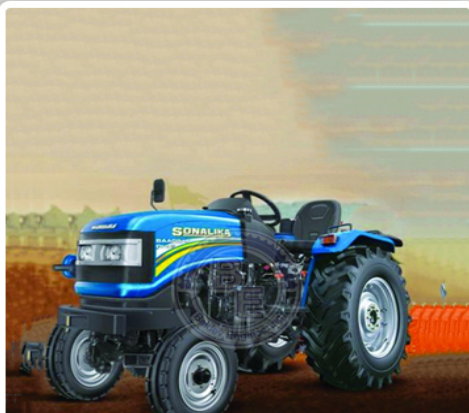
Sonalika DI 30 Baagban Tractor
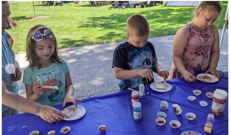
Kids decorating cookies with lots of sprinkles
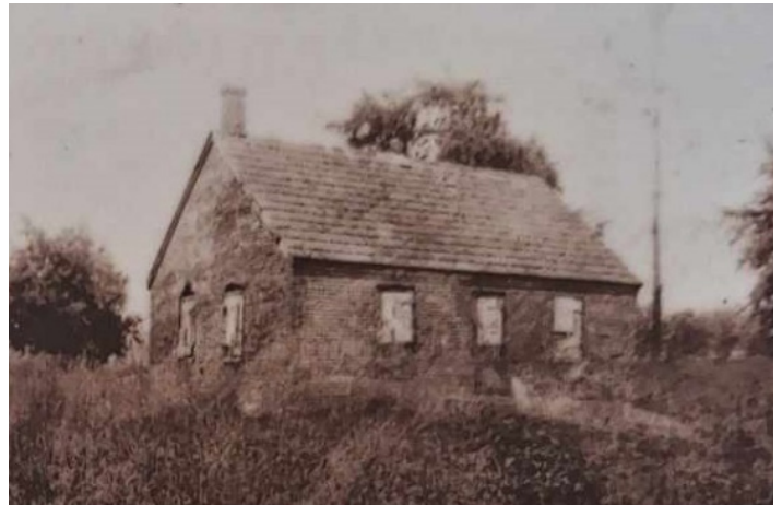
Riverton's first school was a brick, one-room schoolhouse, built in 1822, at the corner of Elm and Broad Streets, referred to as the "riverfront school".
==
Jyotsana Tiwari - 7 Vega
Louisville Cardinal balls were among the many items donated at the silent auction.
* * *
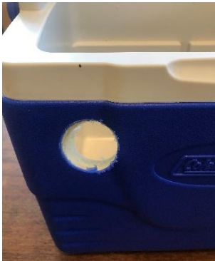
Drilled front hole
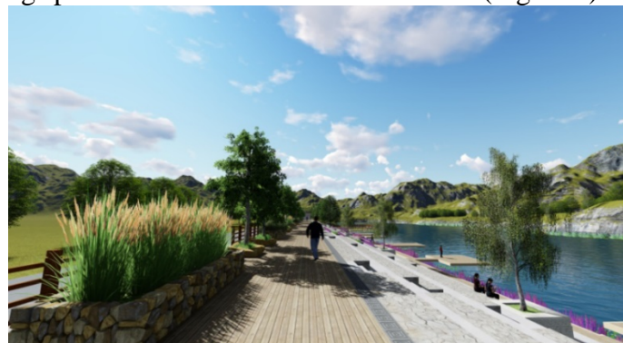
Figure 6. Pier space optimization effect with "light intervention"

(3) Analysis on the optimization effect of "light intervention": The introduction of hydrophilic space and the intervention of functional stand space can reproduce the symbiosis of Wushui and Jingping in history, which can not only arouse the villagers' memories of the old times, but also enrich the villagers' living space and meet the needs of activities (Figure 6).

Problem details:
Extract from the material above the stretch running from the line containing "Kids decorating cookies" through the line containing "Riverton's first school". Keep the text exact and the pictures out.

Reply to the task:
Kids decorating cookies with lots of sprinkles
Riverton's first school was a brick, one-room schoolhouse, built in 1822, at the corner of Elm and Broad Streets, referred to as the "riverfront school".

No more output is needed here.